The Difference-in-Differences Method

The Difference in Differences Method

Comprehensive and continuous Impact evaluations are a crucial tool for generating accountability and learning. At both a national and international level, they are crucial to knowledge building and assessing the effectiveness of development programs.

By informing stakeholders of the aspects of a program that need to be restructured, time and resources can then be directed down a profitable route. The difference-in-differences method is a popular Impact analysis approach used for measuring the impact of an intervention on groups of people.

Applied when the program assignment rules are more ambiguous, it requires stronger assumptions than randomized assignments. 

An Explanation of How the Method Can be Applied Indicates that it Operates much as its Name Suggests

The difference-in-differences method compares the changes in outcome over time between a group of people enrolled in a program (i.e. the treatment group) and a group that is not enrolled in a program (i.e. the control or comparison group).

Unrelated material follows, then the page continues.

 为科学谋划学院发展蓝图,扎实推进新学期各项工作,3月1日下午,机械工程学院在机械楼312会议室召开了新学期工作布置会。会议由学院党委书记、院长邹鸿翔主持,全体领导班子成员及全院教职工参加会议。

It then proceeds to measure the differences. 

The First Difference: The treatment Group

The method takes into account the before and after differences in the treatment group’s outcomes. It compares the same group to itself, so as to evaluate the factors that are constant over time in the treatment group.

The Second Difference: Time-Varying Factors 

The method then evaluates the before and after differences in the control or comparison group- which was exposed to similar conditions as the treatment group. This is done to compare the results to the treatment group. 

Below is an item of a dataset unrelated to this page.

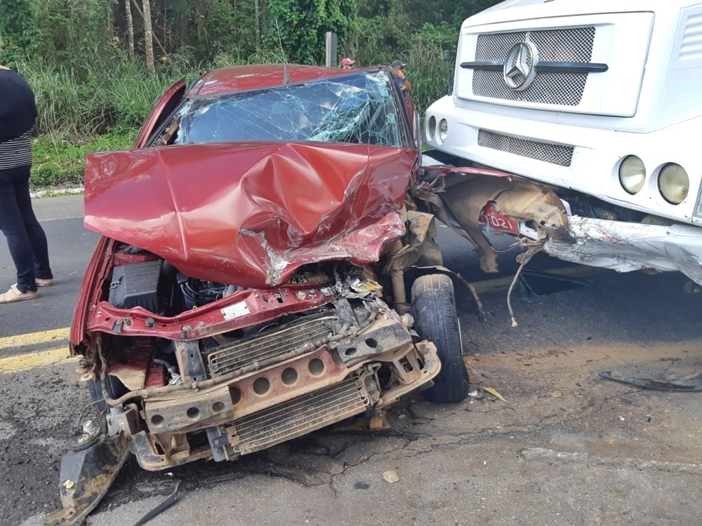 Carro de passeio atinge caminhão na BR-262 e motorista fica gravemente ferido

The Third Difference:  Clearing Time- Varying Factors

Finally, the method clears all the time-varying factors from the first difference by subtracting the second difference from it. This leaves us an estimation of the intervention – or the difference-in-differences. 

A Formulaic Expression may Simplify Understanding of the method

  • Calculate the before-after difference in the outcome for the treatment group (B-A).
  • Calculate the before-after difference in the outcome for the comparison group (D-C)
  • Calculate the difference between the difference in outcomes for the treatment group (B-A) and the difference for the comparison group (D-C). This is the difference-in-differences: (DD)=(B-A)-(D-C).

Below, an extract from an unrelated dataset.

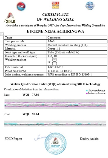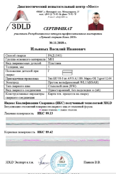Уважаемые коллеги, предлагаем Вам услуги по определению победителей и рейтинга конкурсантов при проведении Конкурсов сварщиков различного статуса с применением цифровой технологии 3DLD. Технология 3DLD имеет следующие преимущества перед традиционными экспертными методами: 1 Исключает субъективизм и неоднозначность оценки экспертами, при определении победителей конкурса. 2 Обеспечивает статистическую достоверность результатов оценки. 3 Определяет практические навыки сварщика цифровым индексом ИКС и визуально отображает отклонения формы сварного шва от эталона. 4 Сохраняет цифровую реплику формы сварного шва, выполненного сварщиком в электронном виде, что дает возможность оценить его квалификацию при различных правилах и нормах дефектности. 5 Позволяет сопоставить квалификацию сварщиков, с квалификацией сварщиков мирового уровня. 6 Процесс оценки автоматизирован и занимает не более 10 минут для одного контрольно сварного соединения, выполненного сварщиком. 7 По результатам конкурса сварщиков формируется рейтинговая таблица и сертификат для каждого конкурсанта в электронном виде. Основы метода изложены в статьях научных журналов, научно технических конференциях, семинарах и производственных совещаниях. Технология 3DLD в 2016- 2018г. применялась при определении победителей и рейтинга участников ведомственных региональных, областных и республиканских соревнований сварщиков РФ в г. Волгодонске, Волгограде, Таганроге, Домодедово, Москве, Сыктывкаре, а также международных соревнований сварщиков в г. Шанхай «Arc Cup» IWC 2017 г., Чжу Жоу «Arc Cup» IWC 2018 Технология 3DLD получила международное признание и включена в технический файл определения победителей и рейтинга участников международного соревнования сварщиков «Arc Cup» IWC. Технология 3DLD не имеет мировых аналогов и дает возможность создать единый квалификационный рейтинг сварщиков и определить абсолютного чемпиона по цифровому Индексу Квалификации Сварщика (ИКС/WQI). ИКС характеризует практические навыки сварщика в цифровом эквиваленте, как его способность (skills) формировать лицевую и корневую поверхность сварного шва заданных размеров, в заданном пространственном положении, из заданных материалов. Технология 3DLD — это процедура машинной оценки практических навыков сварщиков по форме поверхности сварного шва, основанная на сравнении цифровых реплик формы поверхности сварного шва, полученных сканированием лазерным датчиком (рис.1) с эталонной (бездефектной) формой, рассчитываемой по физико- математической модели (рис.2).

The basic assumption that the difference-in-differences method operates on, is that the changes in the treatment group occurred due to the intervention. In the absence of this, it would have led to the same results as the control group. Hence, it does exactly what its name suggests: It combines before and after comparisons and comparisons between those enrolled and not enrolled in the group to produce an estimate of the results. 

Therefore, while it is a useful tool for impact evaluation, certain factors to remember for its application are: 

  1. The control group has to be well-defined. 
  2. The assumption was that the trends in the treatment and control group would have been the same in the absence of treatment. 

Nevertheless, it remains a powerful data analysis tool and a welcome addition to an impact practitioner’s toolkit.